* RECORD SET *
***

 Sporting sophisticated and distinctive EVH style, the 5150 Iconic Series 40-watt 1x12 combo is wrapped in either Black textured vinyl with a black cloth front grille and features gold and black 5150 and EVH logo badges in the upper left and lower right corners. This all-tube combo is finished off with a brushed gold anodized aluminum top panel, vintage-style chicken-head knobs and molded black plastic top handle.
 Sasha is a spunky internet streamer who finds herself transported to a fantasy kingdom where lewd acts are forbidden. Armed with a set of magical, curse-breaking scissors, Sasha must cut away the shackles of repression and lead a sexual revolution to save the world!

***

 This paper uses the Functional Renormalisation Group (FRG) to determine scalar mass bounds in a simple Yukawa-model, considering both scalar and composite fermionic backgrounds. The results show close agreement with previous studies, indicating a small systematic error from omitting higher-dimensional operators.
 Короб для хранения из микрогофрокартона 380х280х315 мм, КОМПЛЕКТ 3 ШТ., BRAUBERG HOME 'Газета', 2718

***

* EXERCISE INSTRUCTIONS *
Here the job is to set down exactly the lines of the material above that fall between the one with "This paper uses" and the one with "Короб для хранения", inclusive, and nothing beyond them.

* OUTPUT FOR THIS TASK *
 This paper uses the Functional Renormalisation Group (FRG) to determine scalar mass bounds in a simple Yukawa-model, considering both scalar and composite fermionic backgrounds. The results show close agreement with previous studies, indicating a small systematic error from omitting higher-dimensional operators.
 Короб для хранения из микрогофрокартона 380х280х315 мм, КОМПЛЕКТ 3 ШТ., BRAUBERG HOME 'Газета', 2718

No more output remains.